### Exercise aim
Up to and including the line bearing "Studio : OXO", output every line of the entries exactly as written, starting from the first; pictures stay out.

### Data supplied
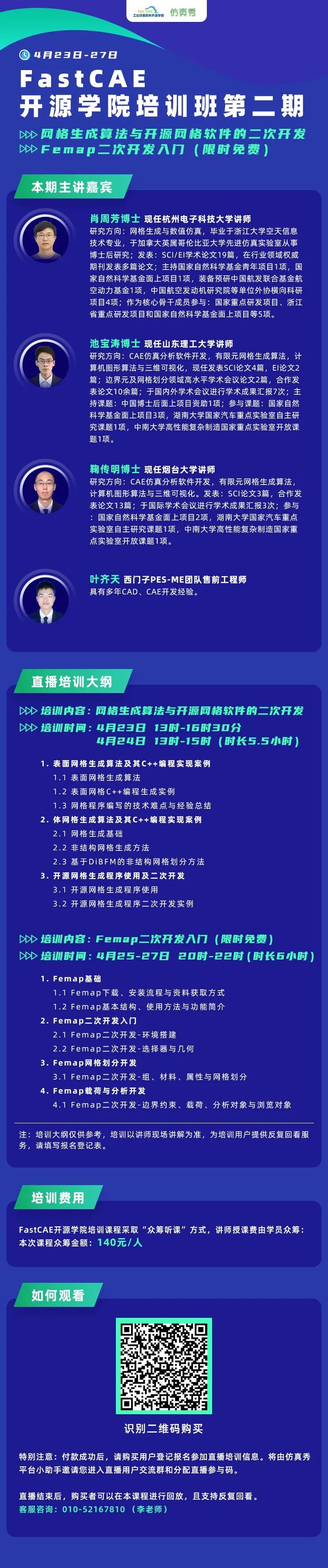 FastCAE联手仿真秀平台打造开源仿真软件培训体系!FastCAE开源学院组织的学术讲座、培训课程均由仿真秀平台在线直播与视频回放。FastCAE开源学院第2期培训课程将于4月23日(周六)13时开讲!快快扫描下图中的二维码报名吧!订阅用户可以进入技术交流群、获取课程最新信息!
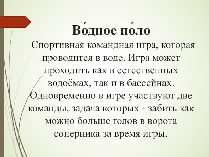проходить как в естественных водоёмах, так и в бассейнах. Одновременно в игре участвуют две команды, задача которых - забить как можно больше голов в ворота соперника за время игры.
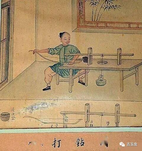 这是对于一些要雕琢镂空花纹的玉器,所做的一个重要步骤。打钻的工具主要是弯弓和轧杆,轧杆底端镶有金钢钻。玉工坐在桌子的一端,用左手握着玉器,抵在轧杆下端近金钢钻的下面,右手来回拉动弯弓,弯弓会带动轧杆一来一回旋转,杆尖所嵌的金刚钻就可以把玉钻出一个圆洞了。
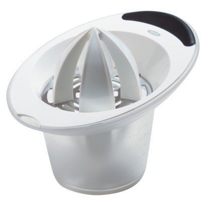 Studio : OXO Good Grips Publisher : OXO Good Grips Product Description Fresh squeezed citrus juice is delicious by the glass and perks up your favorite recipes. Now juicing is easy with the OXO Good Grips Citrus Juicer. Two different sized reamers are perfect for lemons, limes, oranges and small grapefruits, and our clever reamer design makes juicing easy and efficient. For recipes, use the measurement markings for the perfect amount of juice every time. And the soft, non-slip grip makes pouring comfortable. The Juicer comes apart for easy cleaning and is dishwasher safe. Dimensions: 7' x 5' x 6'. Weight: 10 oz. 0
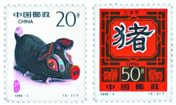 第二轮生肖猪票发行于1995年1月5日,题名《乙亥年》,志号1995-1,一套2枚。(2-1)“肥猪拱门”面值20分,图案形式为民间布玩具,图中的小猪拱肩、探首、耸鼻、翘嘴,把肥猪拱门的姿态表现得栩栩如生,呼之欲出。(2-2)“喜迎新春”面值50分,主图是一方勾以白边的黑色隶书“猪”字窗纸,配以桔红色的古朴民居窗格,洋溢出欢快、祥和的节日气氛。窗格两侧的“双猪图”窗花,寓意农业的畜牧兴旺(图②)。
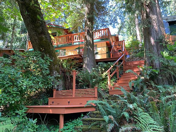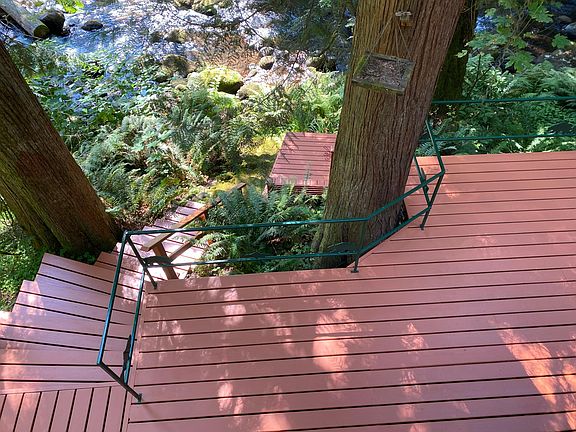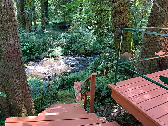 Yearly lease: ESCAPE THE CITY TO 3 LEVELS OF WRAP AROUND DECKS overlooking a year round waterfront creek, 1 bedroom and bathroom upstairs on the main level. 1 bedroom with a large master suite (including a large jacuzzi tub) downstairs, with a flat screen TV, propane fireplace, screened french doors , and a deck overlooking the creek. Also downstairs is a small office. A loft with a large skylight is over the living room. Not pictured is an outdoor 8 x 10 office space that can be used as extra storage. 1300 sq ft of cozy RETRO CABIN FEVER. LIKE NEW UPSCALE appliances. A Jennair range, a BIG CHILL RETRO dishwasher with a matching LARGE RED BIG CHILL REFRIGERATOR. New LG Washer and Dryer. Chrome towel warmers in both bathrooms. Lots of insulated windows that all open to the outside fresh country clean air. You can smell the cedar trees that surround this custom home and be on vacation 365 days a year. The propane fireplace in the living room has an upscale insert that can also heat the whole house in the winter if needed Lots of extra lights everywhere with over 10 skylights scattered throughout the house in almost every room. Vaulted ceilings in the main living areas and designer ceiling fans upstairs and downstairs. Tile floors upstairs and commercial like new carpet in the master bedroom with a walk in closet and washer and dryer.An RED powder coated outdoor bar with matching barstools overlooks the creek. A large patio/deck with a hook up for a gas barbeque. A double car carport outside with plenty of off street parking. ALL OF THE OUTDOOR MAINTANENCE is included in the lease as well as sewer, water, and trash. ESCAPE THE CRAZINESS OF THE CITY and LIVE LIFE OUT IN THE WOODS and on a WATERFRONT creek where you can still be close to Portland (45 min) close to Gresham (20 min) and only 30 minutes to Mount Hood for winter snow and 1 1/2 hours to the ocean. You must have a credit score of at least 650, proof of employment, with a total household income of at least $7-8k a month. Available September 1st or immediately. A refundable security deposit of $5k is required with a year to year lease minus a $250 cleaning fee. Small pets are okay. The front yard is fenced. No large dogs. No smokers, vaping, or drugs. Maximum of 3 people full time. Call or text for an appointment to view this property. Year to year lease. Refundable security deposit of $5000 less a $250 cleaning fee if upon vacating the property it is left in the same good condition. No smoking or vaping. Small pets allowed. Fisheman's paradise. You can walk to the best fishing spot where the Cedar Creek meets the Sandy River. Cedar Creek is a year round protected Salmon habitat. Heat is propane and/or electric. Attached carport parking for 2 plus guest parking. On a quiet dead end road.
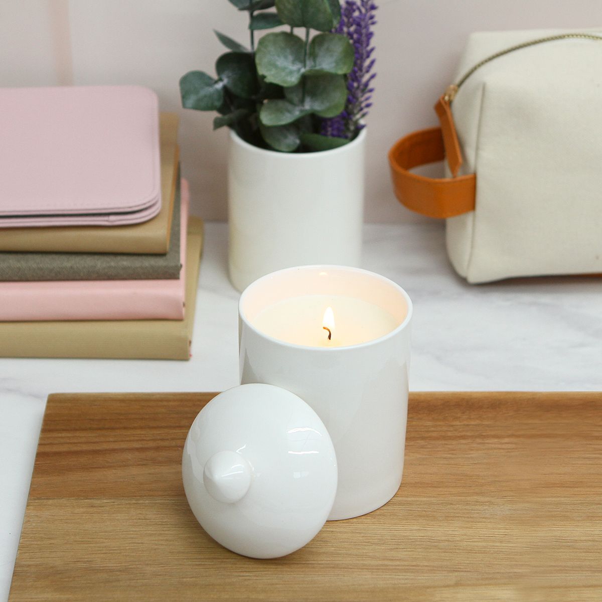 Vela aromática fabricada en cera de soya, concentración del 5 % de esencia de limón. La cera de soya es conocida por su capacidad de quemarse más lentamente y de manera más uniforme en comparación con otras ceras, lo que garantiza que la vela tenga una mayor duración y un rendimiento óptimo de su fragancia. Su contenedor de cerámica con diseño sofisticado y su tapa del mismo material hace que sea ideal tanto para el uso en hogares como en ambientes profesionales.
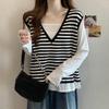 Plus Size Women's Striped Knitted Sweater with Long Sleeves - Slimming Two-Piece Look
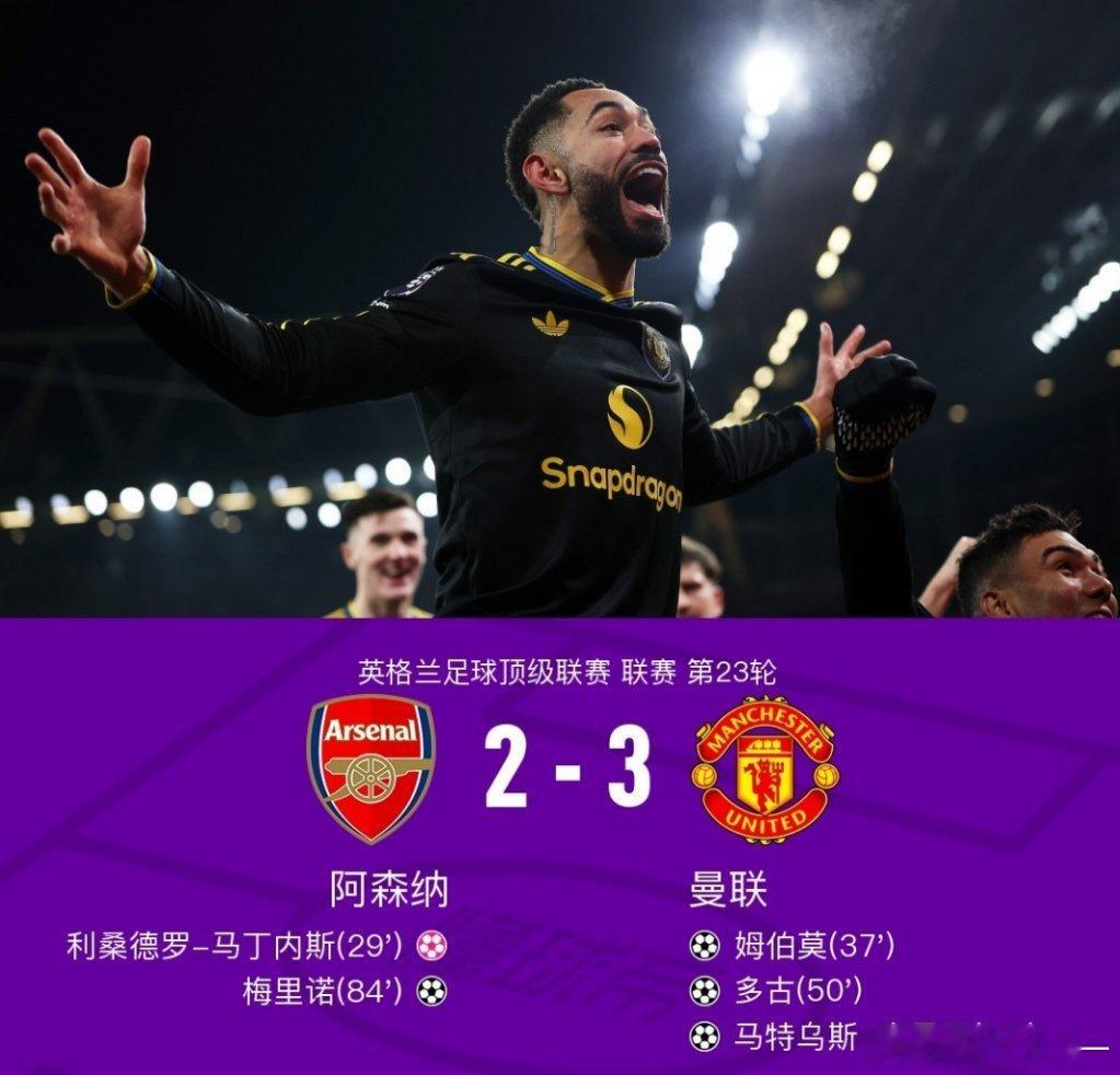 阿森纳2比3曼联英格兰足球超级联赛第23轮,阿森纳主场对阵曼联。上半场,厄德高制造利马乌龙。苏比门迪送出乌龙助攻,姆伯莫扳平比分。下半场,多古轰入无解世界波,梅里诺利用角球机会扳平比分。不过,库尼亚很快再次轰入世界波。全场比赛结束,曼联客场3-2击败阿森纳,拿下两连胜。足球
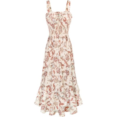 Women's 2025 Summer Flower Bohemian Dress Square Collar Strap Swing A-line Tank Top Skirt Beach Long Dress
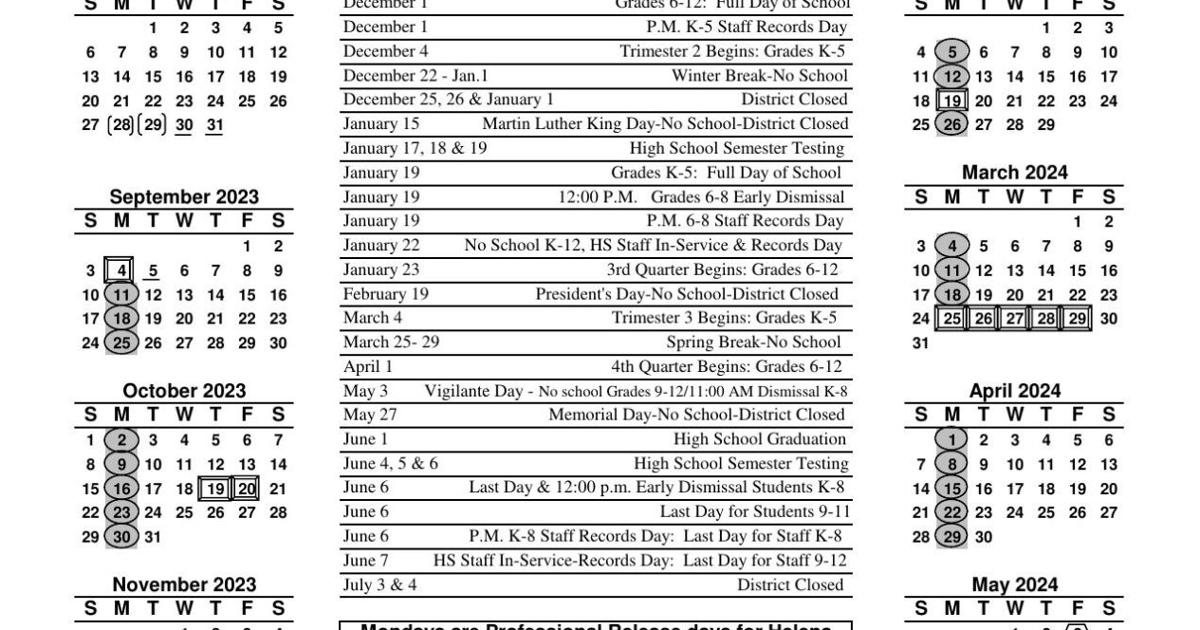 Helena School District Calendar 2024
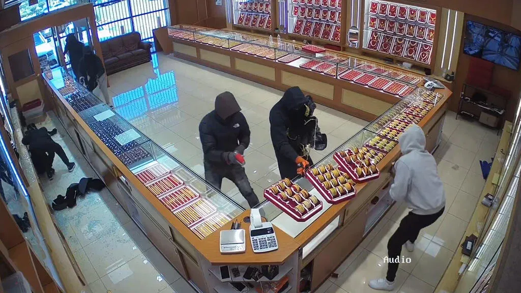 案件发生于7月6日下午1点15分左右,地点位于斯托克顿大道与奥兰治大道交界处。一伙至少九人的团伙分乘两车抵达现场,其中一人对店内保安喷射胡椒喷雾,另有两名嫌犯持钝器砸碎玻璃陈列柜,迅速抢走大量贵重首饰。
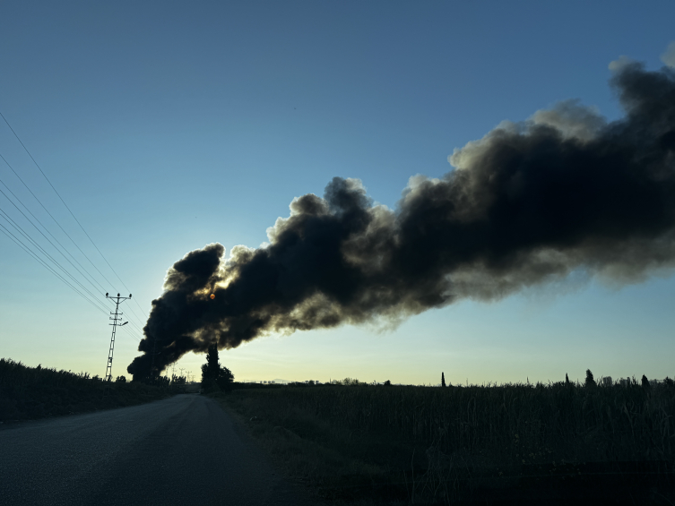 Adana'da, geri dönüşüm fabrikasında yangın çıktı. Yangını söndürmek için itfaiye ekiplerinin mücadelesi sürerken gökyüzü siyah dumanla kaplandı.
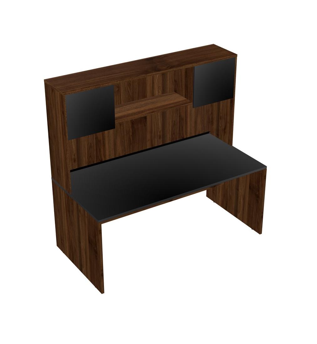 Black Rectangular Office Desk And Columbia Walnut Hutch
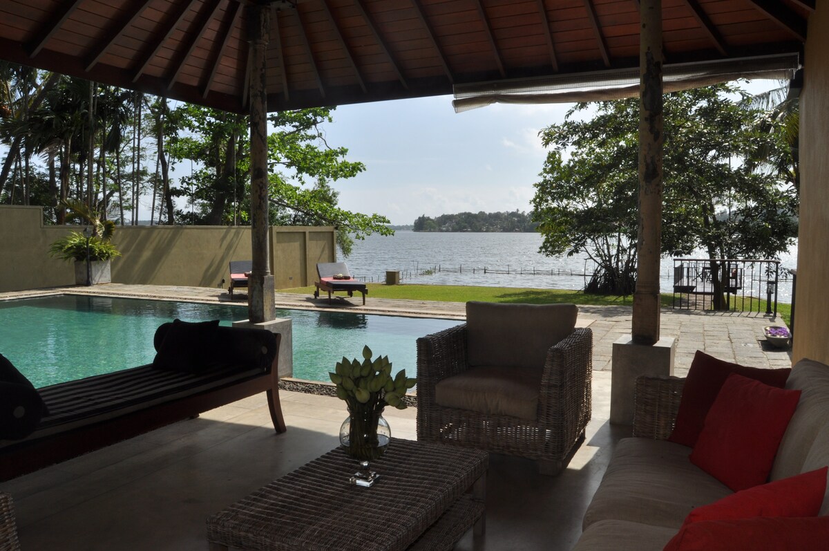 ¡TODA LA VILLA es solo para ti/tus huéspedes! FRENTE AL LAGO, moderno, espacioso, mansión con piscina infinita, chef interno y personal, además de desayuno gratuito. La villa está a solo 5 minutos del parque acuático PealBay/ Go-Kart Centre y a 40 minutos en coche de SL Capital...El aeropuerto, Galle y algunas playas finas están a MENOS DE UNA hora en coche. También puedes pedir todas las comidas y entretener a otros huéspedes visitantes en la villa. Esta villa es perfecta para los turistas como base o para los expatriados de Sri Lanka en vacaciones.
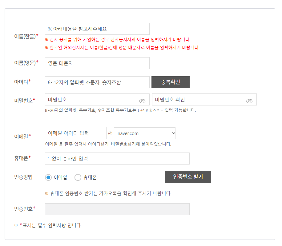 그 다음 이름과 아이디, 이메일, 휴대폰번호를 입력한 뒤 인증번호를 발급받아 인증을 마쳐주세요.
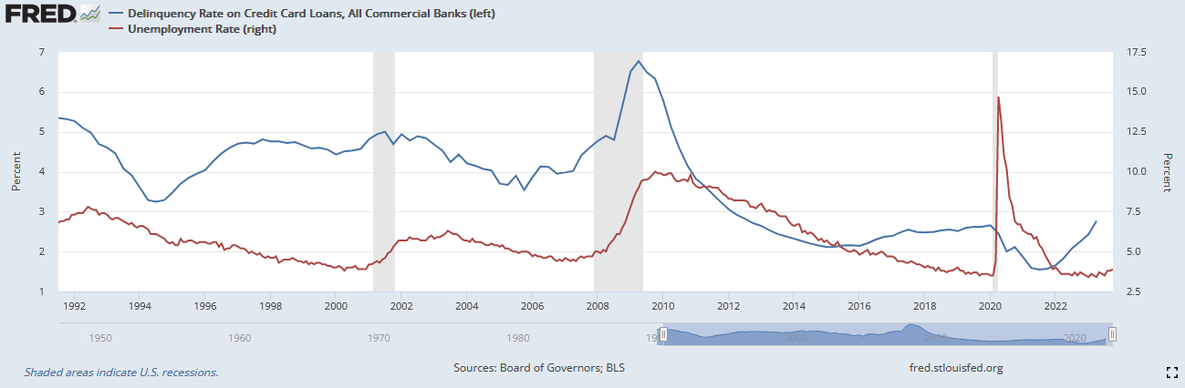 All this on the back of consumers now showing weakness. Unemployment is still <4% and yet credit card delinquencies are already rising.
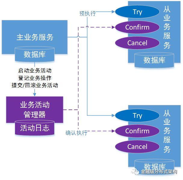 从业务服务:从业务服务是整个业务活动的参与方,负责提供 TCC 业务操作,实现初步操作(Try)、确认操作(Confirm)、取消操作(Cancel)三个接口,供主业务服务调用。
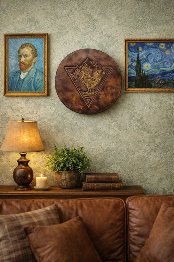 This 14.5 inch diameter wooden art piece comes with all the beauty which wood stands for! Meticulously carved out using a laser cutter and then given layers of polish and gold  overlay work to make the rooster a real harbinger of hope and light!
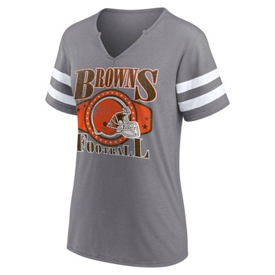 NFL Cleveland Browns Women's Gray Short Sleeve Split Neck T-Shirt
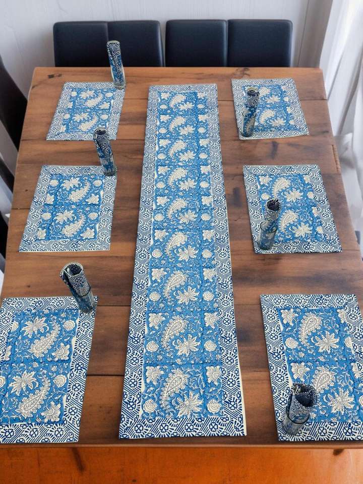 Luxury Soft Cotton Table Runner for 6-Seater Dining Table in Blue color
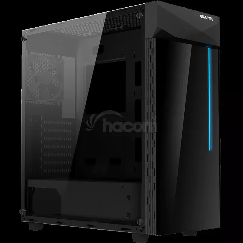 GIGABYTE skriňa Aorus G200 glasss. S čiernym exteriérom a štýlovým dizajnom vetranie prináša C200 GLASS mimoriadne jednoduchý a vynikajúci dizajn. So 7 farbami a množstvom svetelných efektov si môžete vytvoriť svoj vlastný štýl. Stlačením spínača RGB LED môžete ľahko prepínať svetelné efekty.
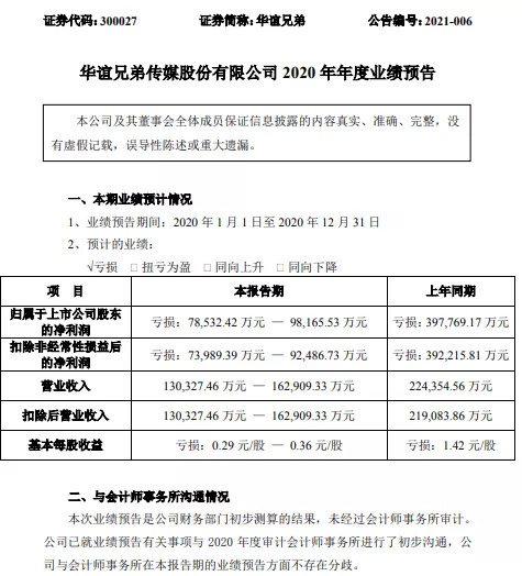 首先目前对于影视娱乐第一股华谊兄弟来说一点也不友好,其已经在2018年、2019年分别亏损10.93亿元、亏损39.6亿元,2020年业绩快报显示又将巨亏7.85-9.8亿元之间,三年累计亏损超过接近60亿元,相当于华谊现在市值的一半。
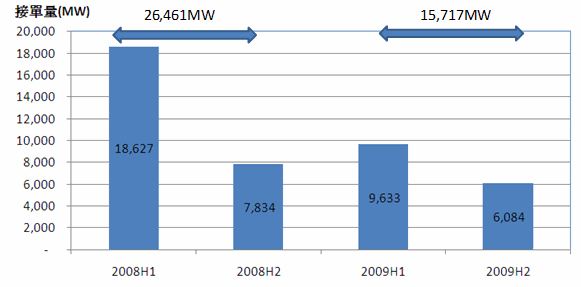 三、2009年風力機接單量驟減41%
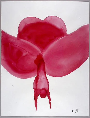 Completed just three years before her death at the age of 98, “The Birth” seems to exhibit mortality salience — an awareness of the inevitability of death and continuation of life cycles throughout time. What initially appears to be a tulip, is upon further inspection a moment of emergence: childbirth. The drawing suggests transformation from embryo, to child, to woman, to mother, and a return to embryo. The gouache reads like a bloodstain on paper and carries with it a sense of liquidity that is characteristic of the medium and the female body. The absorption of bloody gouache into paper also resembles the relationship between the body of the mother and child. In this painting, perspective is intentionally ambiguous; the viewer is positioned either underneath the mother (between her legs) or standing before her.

### Task response
 FastCAE联手仿真秀平台打造开源仿真软件培训体系!FastCAE开源学院组织的学术讲座、培训课程均由仿真秀平台在线直播与视频回放。FastCAE开源学院第2期培训课程将于4月23日(周六)13时开讲!快快扫描下图中的二维码报名吧!订阅用户可以进入技术交流群、获取课程最新信息!
проходить как в естественных водоёмах, так и в бассейнах. Одновременно в игре участвуют две команды, задача которых - забить как можно больше голов в ворота соперника за время игры.
 这是对于一些要雕琢镂空花纹的玉器,所做的一个重要步骤。打钻的工具主要是弯弓和轧杆,轧杆底端镶有金钢钻。玉工坐在桌子的一端,用左手握着玉器,抵在轧杆下端近金钢钻的下面,右手来回拉动弯弓,弯弓会带动轧杆一来一回旋转,杆尖所嵌的金刚钻就可以把玉钻出一个圆洞了。
 Studio : OXO Good Grips Publisher : OXO Good Grips Product Description Fresh squeezed citrus juice is delicious by the glass and perks up your favorite recipes. Now juicing is easy with the OXO Good Grips Citrus Juicer. Two different sized reamers are perfect for lemons, limes, oranges and small grapefruits, and our clever reamer design makes juicing easy and efficient. For recipes, use the measurement markings for the perfect amount of juice every time. And the soft, non-slip grip makes pouring comfortable. The Juicer comes apart for easy cleaning and is dishwasher safe. Dimensions: 7' x 5' x 6'. Weight: 10 oz. 0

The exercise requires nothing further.